Therefore, it is designated as a control signal. In step 204, the
states of the circuit operation, which correspond to all possible
combinations of "0" or "1" control signal values, are grouped
together to form modes. For this example, there are two states of
circuit operation corresponding to when the control signal "phase"
has value "0" and when the control signal "phase" has value "1".
The modes are determined such that in each mode, the control
signals that influence the sensitization of those long paths that
are sensitized in this mode are assigned a "0" or a "1" value.

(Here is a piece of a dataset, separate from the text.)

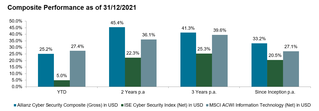Source: Allianz Global Investors, as of 31 December 2021. Data gross of fees. This shows the performance of the master fund, so it is not complied to AIMC’s standard. The information above is a composite performance under the same strategy. KFCYBER will invest in Allianz Global Investors Fund - Allianz Cyber Security, Class RT (USD) which is registered in Luxembourg and incepted on 9 February 2021
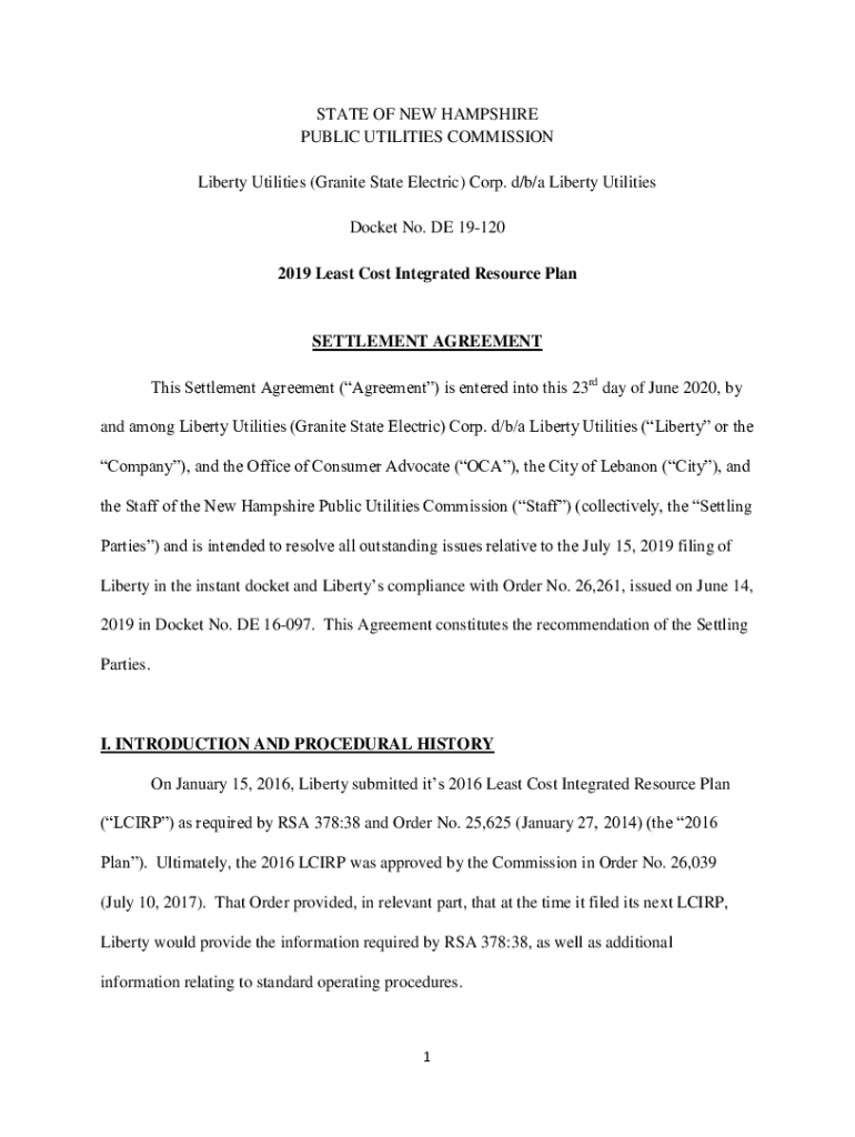 STATE OF NEW HAMPSHIRE PUBLIC UTILITIES COMMISSION Liberty Utilities (Granite State Electric) Corp. d/b/a Liberty Utilities Docket No. DE 19120 2019 Least Cost Integrated Resource PlanSETTLEMENT AGREEMENT

Therefore, there are two modes, each consisting of exactly one
state.
[0038] The global timing analysis is partitioned into two timing
analyses, one for each mode. In the first mode, in step 205, the
control signal "phase" takes value `0`. In step 206, this `0` value
is propagated through the circuit, removing timing edges that get
disabled. For example, "phase"=`0`, results in signal 306 being
equal to `0`, which disables the timing edge from the second input
(i.e., rightmost as depicted) of multiplexer 302 to its output.

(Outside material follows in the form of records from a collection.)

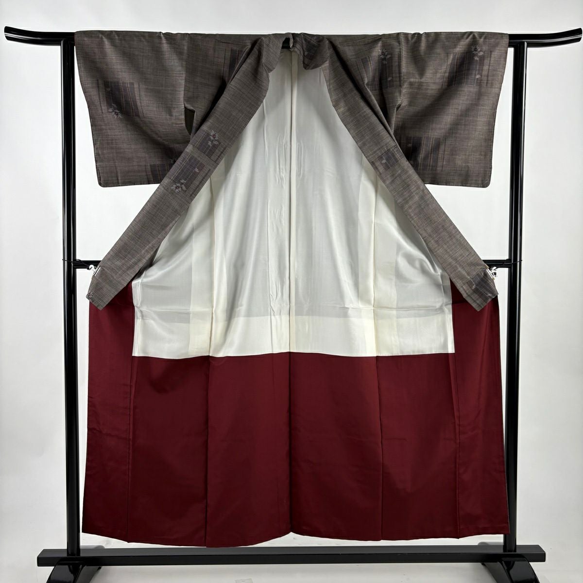 30%OFF 【美品】 小紋 身丈157.5cm 裄丈63cm S 袷 草花 薄小豆 正絹 秀品 K30
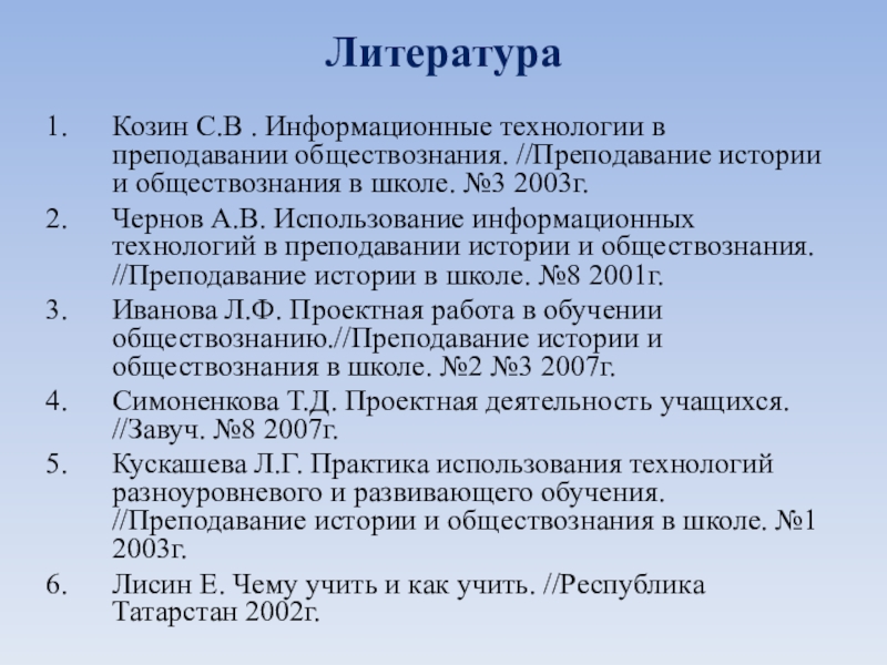 Чернов А.В. Использование информационных технологий в преподавании истории и обществознания. //Преподавание истории в школе. №8 2001г.
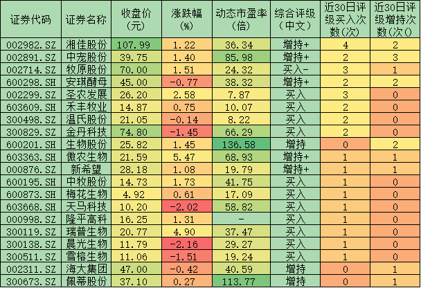 從機構(gòu)評級來看,近30日內(nèi)有20家農(nóng)林牧漁行業(yè)公司獲得評級機構(gòu)的43次推薦類評級,其中,湘佳股份獲得機構(gòu)4次買入評級和2次增持評級,此外,包括中寵股份、牧原股份、安琪酵母等在內(nèi)的7只個股獲得機構(gòu)2次以上推薦評級。
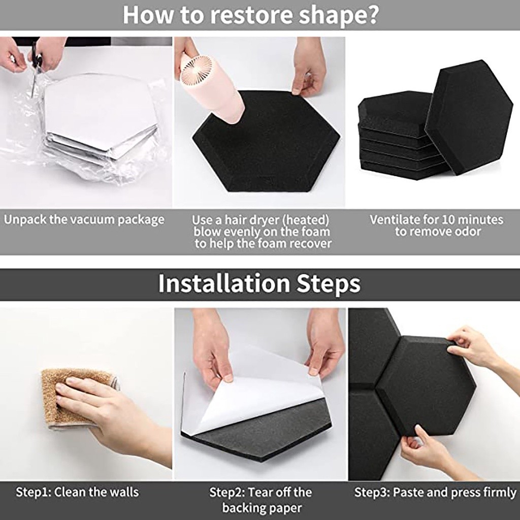 Golivemic Foam HD Hexagon Acoustic Panels Beveled Edge Sound Proof Foam Panels Sound Padding Studio noise reduction Student Home Furnishings
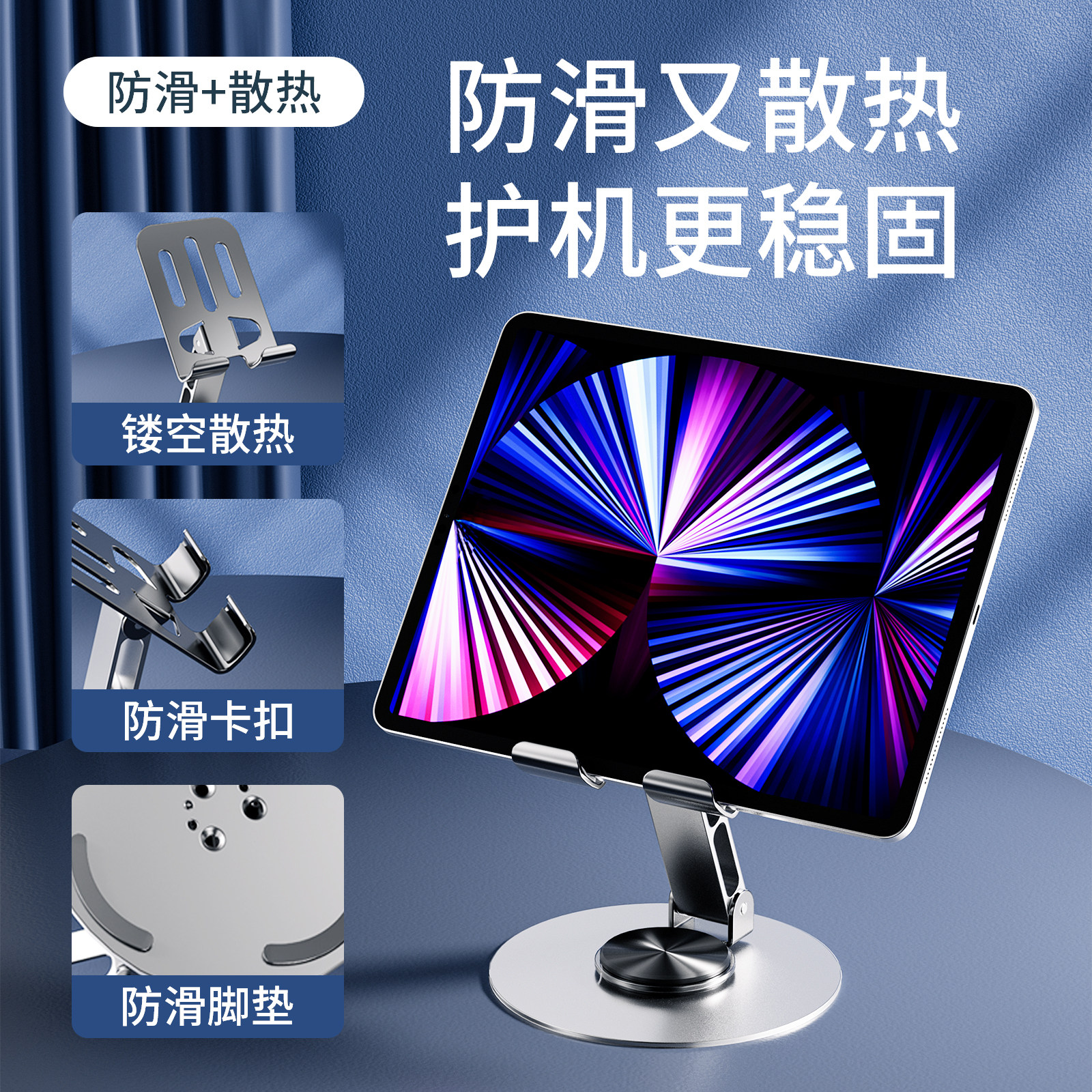 倍魔 Цельнометаллический складной держатель для телефона, настольная универсальная трубка, планшетная опорная рама для кровати, 360 градусов, фиксаторы в комплекте
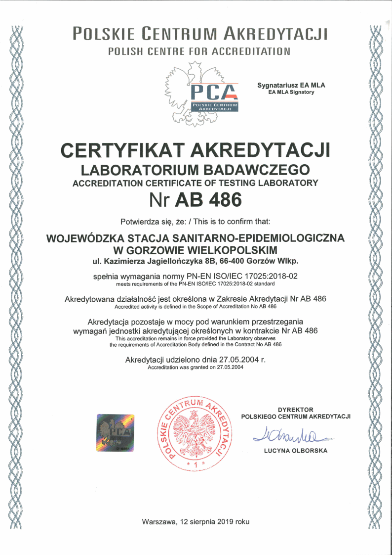 Wojewódzka Stacja Sanitarno-Epidemiologiczna w Gorzowie Wlkp. w dniu 17 maja br. otrzymała wydany przez Polskie Centrum Akredytacji nowy Zakres Akredytacji Laboratorium Badawczego nr AB 486. Posiadany Certyfikat nr AB 486 zapewnia, że funkcjonujący w Dziale Laboratoryjnym system zarządzania jest zgodny z międzynarodową normą PN-EN ISO/ IEC 17025:18-02 "Ogólne wymagania dotyczące kompetencji laboratoriów badawczych i wzorcujących” a wykonywane badania są wysokiej jakości i dostarczają wiarygodnych wyników.

Similarly, the other disabled timing edges are: from the second
input of multiplexer 304 to its output; from the second input of
multiplexer 309 to its output; from the second input of multiplexer
311 to its output; from the second input of multiplexer 322 to its
output; from the second input of multiplexer 323 to its output;
from the second input of multiplexer 319 to its output; and, from
the second input of multiplexer 328 to its output. These timing
edges are removed from the original circuit graph. In step 207,
timing analysis is performed on the modified circuit graph
resulting from step 206. The latch-to-latch paths consisting of
only active timing edges and interconnects go through adder 305 and
adder 315, or through adder 326. No path through all three adders
is active, because the timing edge from the second input of
multiplexer 323 to its output is disabled. Therefore, the maximum
delay found for the circuit operating in the first mode will
exclude the delay of these paths.
[0039] In the second mode, in step 205, the control signal "phase"

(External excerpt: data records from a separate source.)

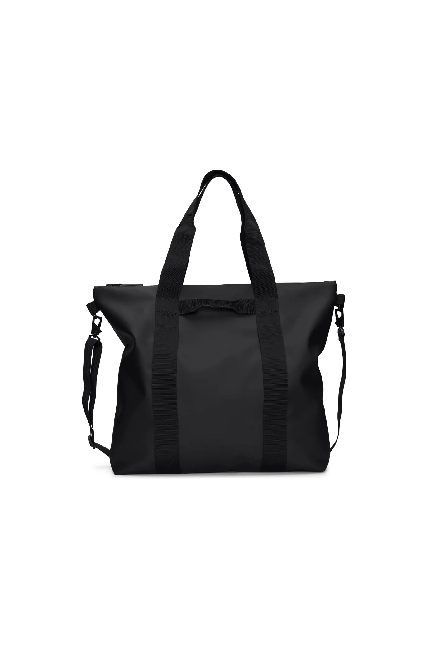 Introducing the RAINS Tote Bag in Black. A waterproof tote bag that is perfect for everyday shopping, commuting, or the workplace. It has a utilitarian look and a smooth feel, with a full-length coated zip, spacious main compartment, zip pocket, and numerous carrying solutions, including a detachable shoulder strap and extended hand/shoulder straps offer convenient carrying as well as a side-mounted grab handle. Make your life easier with this powerful and stylish bag!
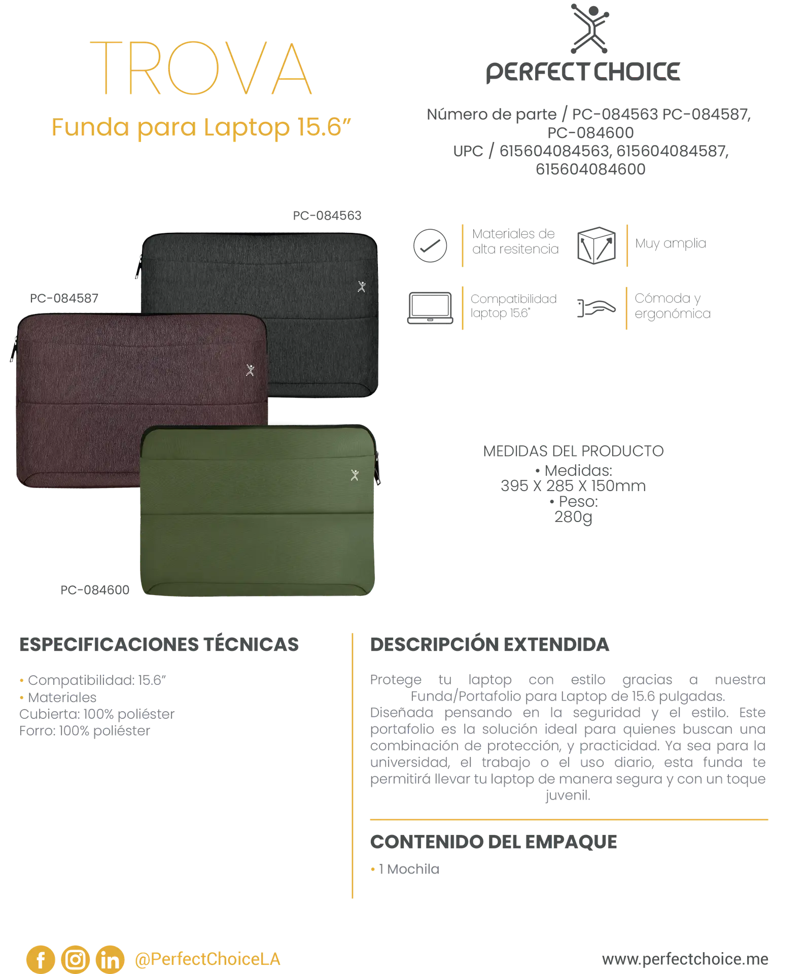 • Compatibilidad con laptop de 15.6” (Pulgadas).
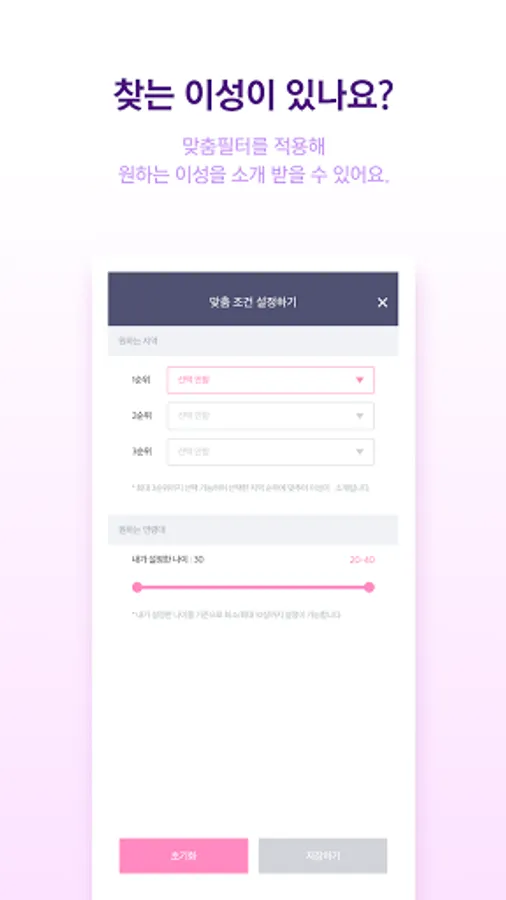 Apply the conditions of the opposite sex you want to be introduced to, such as age, region, and distance.
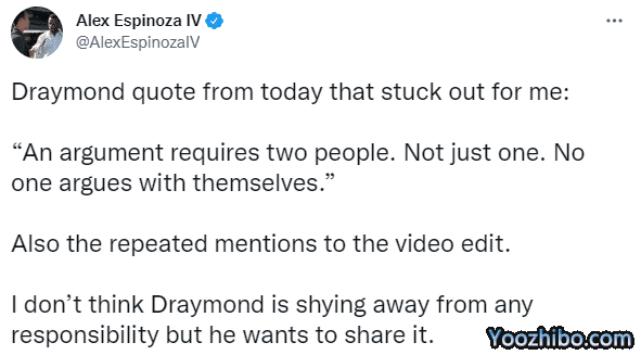 格林公开说了很多话,其中一句“一场争执需要两个人才行,一个不行,没有人会跟自己争执”遭质疑,美记者Alex Espinoza IV表示,他认为追梦并不是在逃避责任,但是显然,追梦想要其他人“分担”走一些责任。

takes value `1`. In step 206, this `1` value is propagated through
the circuit, removing timing edges that get disabled. For example,
"phase"=`1`, results in signal 306 being equal to `1`, which
disables the timing edge from the first input of multiplexer 302 to
its output. Similarly, the other disabled timing edges are: from
the first input of multiplexer 304 to its output; from the first
input of multiplexer to its output; from the first input of
multiplexer 311 to its output; from the first input of multiplexer
322 to its output; from the first input of multiplexer 323 to its
output; from the first input of multiplexer its output; and, from
the first input of multiplexer 328 to its output. These timing
edges are removed from the original circuit graph. In step 207,
timing analysis is performed on the modified circuit graph
resulting from step 206. The latch-to-latch paths consisting of
only active timing edges and interconnects go through adder 305, or
through adder 315 and adder 326. No path through all three adders
is active, because the timing edge from the first input of
multiplexer 311 to its output is disabled. Therefore, the maximum
delay found for the circuit operating in the second mode will
exclude the delay of these paths.
[0040] After timing analysis has been performed for both modes of
circuit operation, step 209 determines the overall maximum circuit
delay by taking the maximum of the delays found in each mode. Since
no path that goes through all three adders is active in any mode,
the overall maximum delay thus determined will exclude the delay of
all paths that go through all three adders. It can be noted that
any path through all three adders is a false path, i.e., one that
cannot be sensitized for any combination of input values. For
instance, the path from register 301 through multiplexer 302
through adder 305 through multiplexer 314 through adder 315 through
multiplexer 325 through adder 326 through multiplexer 328 to
register 330 is false because, for a signal to go through this
entire path, the "phase" input has to take both `0` and `1`values.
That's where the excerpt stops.